## YOUR GOAL
Among the entries that follow, the required portion opens with the line containing "Microsoft Forms'da metni" and closes with the line containing "01:51:08Das Abenteuer wendet". Give that portion again exactly, and nothing else.

══ MATERIAL FOR THIS TASK ══

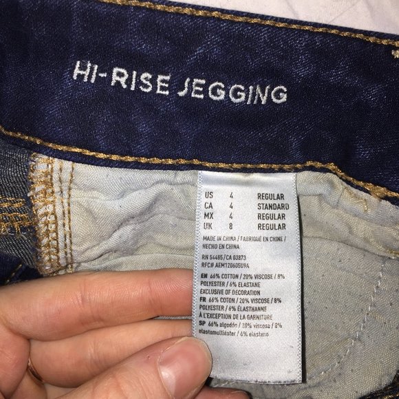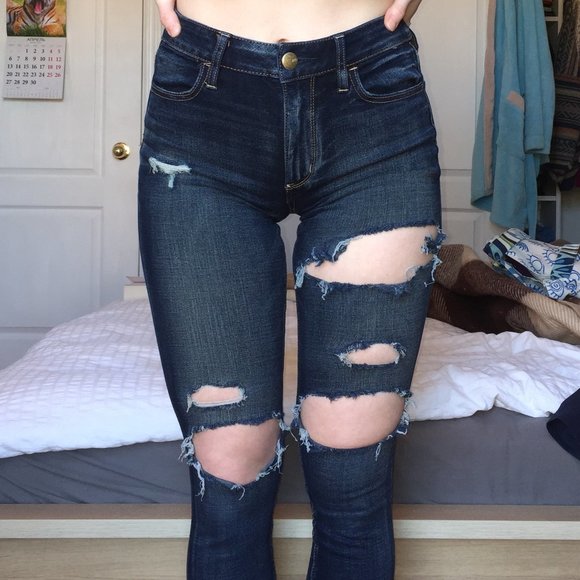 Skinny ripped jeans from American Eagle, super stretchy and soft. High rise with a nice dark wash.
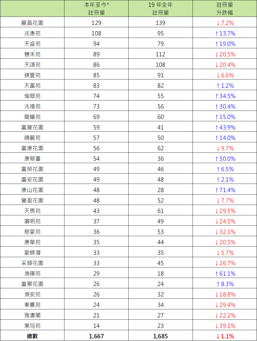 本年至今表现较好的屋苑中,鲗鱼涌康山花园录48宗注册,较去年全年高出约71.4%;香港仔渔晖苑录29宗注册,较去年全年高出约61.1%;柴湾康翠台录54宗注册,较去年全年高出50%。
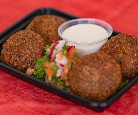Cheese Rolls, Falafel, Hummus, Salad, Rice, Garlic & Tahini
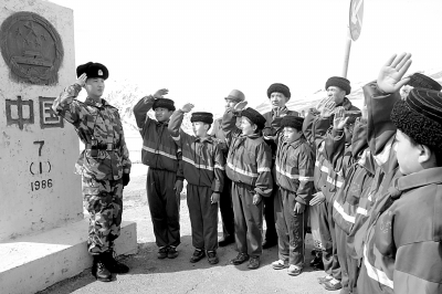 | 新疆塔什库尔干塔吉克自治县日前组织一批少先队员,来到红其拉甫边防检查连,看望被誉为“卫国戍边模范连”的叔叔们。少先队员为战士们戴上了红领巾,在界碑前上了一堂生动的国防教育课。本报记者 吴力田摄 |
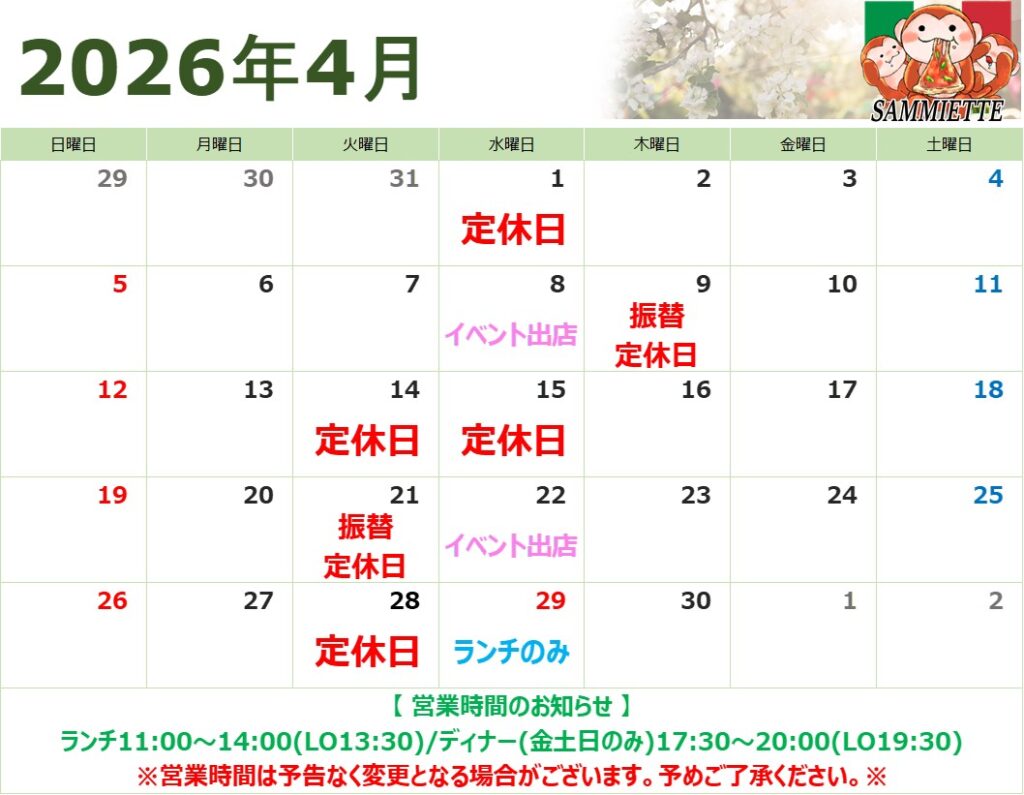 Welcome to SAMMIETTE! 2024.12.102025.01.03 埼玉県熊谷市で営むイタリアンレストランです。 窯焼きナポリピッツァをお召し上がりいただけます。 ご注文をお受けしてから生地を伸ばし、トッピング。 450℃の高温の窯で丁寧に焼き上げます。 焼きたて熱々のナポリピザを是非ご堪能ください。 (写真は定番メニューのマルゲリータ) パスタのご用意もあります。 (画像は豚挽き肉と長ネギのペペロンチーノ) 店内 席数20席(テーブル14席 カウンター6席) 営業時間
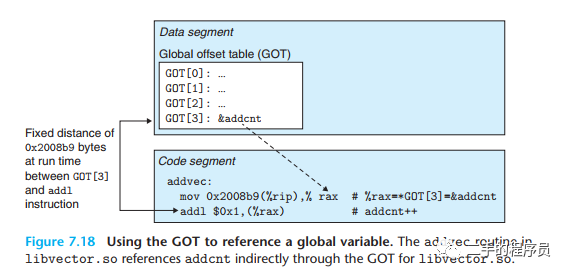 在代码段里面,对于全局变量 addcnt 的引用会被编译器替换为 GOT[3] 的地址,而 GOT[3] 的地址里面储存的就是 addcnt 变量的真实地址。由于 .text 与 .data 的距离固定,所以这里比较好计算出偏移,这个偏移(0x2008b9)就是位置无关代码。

═══
══ MATERIAL FOR THIS TASK ══

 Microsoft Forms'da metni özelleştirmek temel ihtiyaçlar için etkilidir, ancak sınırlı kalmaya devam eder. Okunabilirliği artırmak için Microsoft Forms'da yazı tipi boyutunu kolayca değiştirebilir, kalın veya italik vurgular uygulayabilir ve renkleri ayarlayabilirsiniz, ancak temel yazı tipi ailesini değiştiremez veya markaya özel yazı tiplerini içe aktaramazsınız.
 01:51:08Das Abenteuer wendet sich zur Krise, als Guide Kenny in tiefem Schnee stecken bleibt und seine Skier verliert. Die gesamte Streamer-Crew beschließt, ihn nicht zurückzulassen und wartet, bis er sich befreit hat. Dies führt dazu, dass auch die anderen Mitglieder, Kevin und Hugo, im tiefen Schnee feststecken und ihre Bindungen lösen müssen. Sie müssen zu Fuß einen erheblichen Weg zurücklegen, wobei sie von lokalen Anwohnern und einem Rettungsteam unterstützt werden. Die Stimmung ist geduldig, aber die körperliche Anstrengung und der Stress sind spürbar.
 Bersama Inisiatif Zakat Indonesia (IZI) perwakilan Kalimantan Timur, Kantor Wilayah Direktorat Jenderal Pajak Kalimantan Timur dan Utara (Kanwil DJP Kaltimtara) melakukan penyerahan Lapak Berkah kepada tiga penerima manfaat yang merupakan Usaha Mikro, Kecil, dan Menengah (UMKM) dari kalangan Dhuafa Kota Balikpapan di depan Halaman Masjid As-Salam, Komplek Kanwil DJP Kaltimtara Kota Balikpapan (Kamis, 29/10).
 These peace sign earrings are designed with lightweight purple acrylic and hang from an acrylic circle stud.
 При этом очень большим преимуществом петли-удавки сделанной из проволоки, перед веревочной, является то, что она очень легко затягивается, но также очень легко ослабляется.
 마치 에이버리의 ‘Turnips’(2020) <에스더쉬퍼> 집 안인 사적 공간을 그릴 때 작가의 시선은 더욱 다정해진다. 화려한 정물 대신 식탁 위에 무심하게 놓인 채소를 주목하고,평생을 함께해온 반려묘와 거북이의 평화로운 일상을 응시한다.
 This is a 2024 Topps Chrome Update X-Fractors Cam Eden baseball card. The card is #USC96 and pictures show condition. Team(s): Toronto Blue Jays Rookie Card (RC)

═══

## TASK RESULT
 Microsoft Forms'da metni özelleştirmek temel ihtiyaçlar için etkilidir, ancak sınırlı kalmaya devam eder. Okunabilirliği artırmak için Microsoft Forms'da yazı tipi boyutunu kolayca değiştirebilir, kalın veya italik vurgular uygulayabilir ve renkleri ayarlayabilirsiniz, ancak temel yazı tipi ailesini değiştiremez veya markaya özel yazı tiplerini içe aktaramazsınız.
 01:51:08Das Abenteuer wendet sich zur Krise, als Guide Kenny in tiefem Schnee stecken bleibt und seine Skier verliert. Die gesamte Streamer-Crew beschließt, ihn nicht zurückzulassen und wartet, bis er sich befreit hat. Dies führt dazu, dass auch die anderen Mitglieder, Kevin und Hugo, im tiefen Schnee feststecken und ihre Bindungen lösen müssen. Sie müssen zu Fuß einen erheblichen Weg zurücklegen, wobei sie von lokalen Anwohnern und einem Rettungsteam unterstützt werden. Die Stimmung ist geduldig, aber die körperliche Anstrengung und der Stress sind spürbar.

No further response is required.